WHAT IS BEING ASKED: Copy, word for word, the lines of the entries below between the one with "Zum Blitz auf" and the one with "Action: She smiles", inclusive, and leave out everything else.

SOURCE RECORDS:
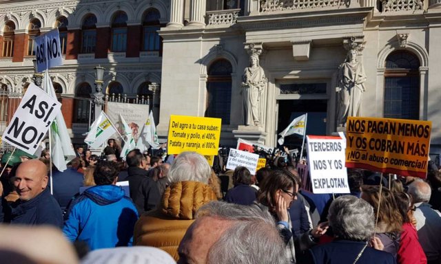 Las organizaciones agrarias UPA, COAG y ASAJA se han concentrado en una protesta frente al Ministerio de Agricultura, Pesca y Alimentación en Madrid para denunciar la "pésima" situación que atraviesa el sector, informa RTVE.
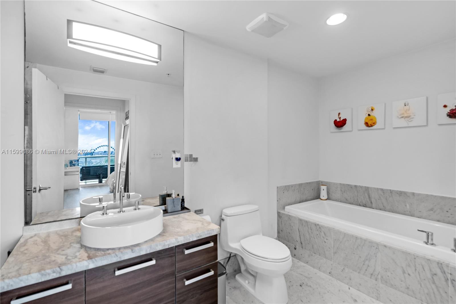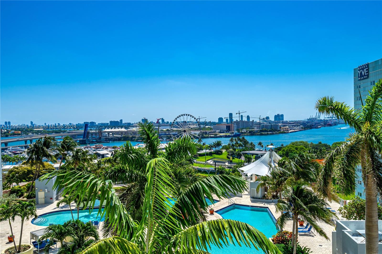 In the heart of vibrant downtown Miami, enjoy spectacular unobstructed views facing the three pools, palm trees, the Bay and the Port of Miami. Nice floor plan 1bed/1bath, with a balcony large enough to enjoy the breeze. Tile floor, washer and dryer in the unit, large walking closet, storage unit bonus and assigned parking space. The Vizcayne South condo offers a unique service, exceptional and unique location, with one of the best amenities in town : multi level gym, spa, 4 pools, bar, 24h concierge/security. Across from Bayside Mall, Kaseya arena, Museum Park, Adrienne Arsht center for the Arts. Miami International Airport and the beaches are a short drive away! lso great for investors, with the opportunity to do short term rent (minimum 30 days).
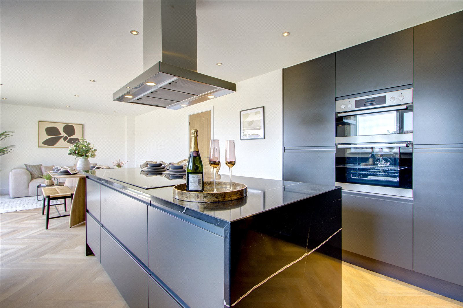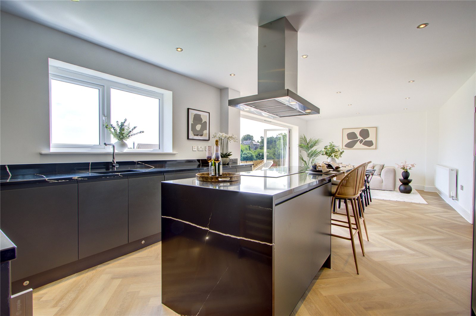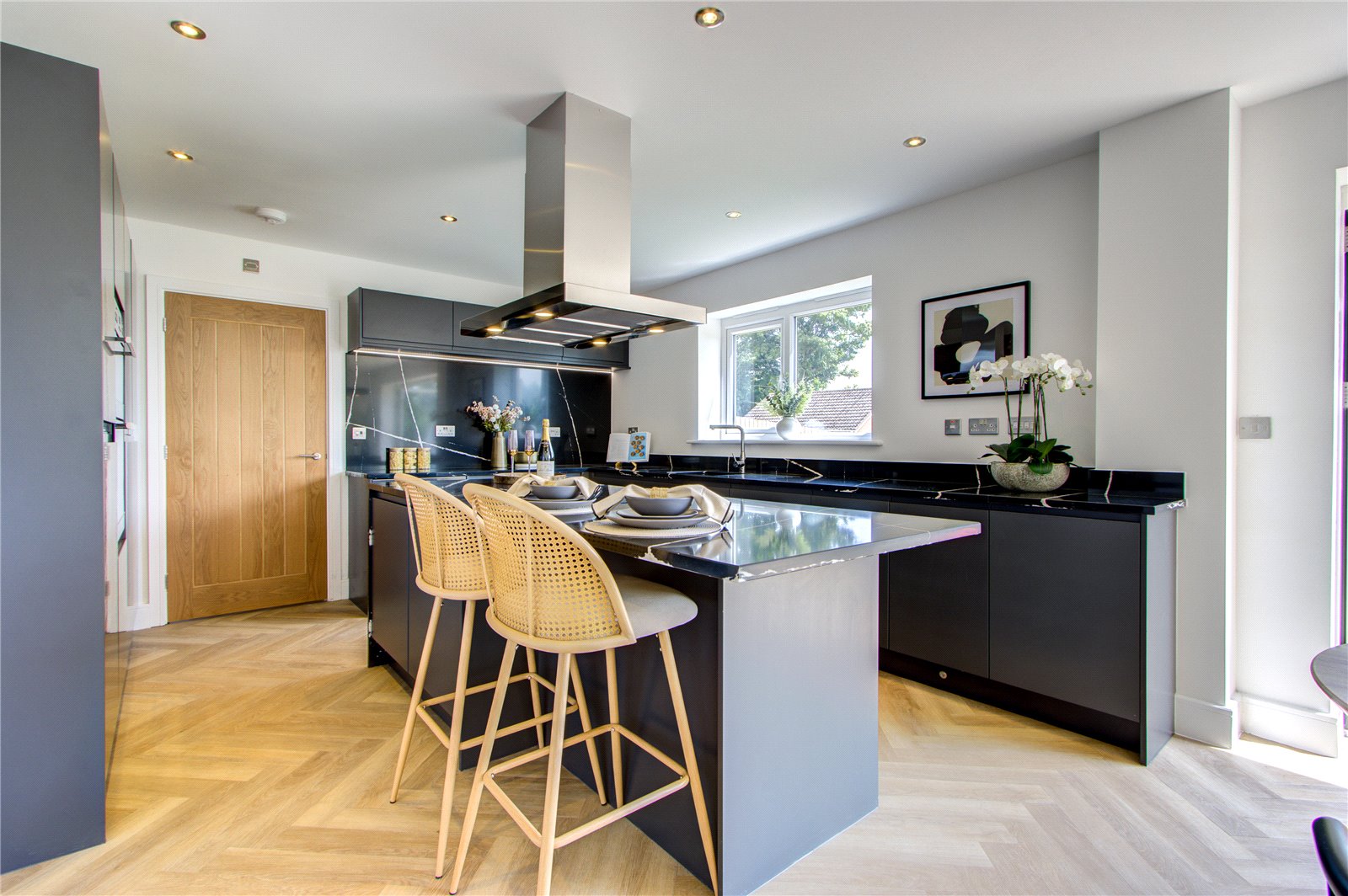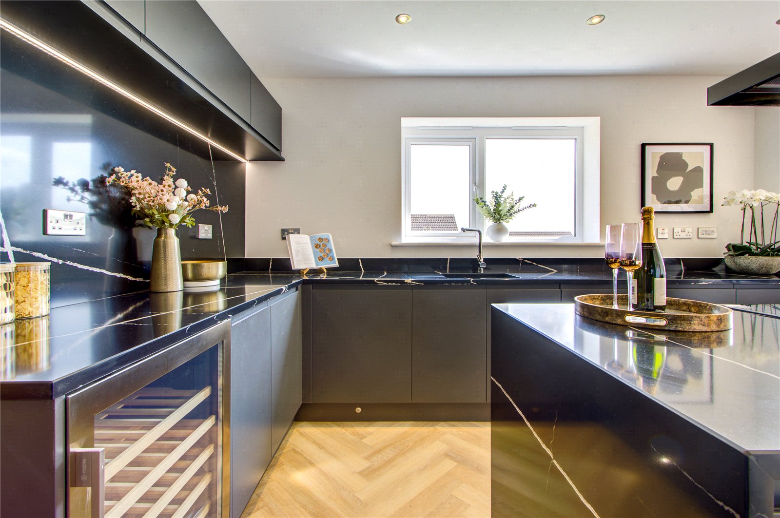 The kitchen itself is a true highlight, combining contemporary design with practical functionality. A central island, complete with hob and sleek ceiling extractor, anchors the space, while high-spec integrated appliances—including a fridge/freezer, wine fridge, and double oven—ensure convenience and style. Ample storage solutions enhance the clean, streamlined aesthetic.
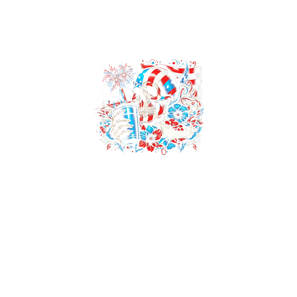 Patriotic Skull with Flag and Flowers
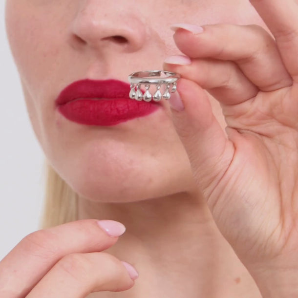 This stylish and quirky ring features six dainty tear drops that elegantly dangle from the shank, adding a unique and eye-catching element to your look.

...

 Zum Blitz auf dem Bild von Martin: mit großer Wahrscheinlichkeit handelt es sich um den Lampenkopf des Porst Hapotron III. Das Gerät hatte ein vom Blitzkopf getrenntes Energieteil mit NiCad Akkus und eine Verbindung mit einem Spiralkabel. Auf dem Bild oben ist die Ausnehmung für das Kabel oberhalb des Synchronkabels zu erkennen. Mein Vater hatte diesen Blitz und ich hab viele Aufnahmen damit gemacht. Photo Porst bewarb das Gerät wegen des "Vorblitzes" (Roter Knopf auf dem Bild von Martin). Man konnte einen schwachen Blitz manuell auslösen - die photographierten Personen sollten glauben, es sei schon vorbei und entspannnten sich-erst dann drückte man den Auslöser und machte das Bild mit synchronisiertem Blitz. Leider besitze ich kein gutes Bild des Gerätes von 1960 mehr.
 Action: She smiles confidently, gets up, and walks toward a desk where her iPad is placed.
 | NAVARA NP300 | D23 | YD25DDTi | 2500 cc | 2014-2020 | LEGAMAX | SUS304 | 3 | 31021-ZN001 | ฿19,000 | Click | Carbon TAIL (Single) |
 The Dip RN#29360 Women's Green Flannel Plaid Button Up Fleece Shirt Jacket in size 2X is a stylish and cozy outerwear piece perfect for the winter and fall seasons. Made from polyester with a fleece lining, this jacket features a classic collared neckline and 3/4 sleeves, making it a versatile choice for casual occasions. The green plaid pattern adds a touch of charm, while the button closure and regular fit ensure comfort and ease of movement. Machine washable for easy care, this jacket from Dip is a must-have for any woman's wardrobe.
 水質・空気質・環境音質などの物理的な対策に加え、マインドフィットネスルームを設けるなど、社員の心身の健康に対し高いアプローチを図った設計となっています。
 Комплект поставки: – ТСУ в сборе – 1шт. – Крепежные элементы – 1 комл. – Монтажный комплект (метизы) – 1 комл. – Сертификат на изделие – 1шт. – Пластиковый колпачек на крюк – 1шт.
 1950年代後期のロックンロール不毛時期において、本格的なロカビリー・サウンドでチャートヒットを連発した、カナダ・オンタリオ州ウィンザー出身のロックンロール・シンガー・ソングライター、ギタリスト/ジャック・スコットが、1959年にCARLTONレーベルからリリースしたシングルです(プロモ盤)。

TASK RESPONSE:
 Zum Blitz auf dem Bild von Martin: mit großer Wahrscheinlichkeit handelt es sich um den Lampenkopf des Porst Hapotron III. Das Gerät hatte ein vom Blitzkopf getrenntes Energieteil mit NiCad Akkus und eine Verbindung mit einem Spiralkabel. Auf dem Bild oben ist die Ausnehmung für das Kabel oberhalb des Synchronkabels zu erkennen. Mein Vater hatte diesen Blitz und ich hab viele Aufnahmen damit gemacht. Photo Porst bewarb das Gerät wegen des "Vorblitzes" (Roter Knopf auf dem Bild von Martin). Man konnte einen schwachen Blitz manuell auslösen - die photographierten Personen sollten glauben, es sei schon vorbei und entspannnten sich-erst dann drückte man den Auslöser und machte das Bild mit synchronisiertem Blitz. Leider besitze ich kein gutes Bild des Gerätes von 1960 mehr.
 Action: She smiles confidently, gets up, and walks toward a desk where her iPad is placed.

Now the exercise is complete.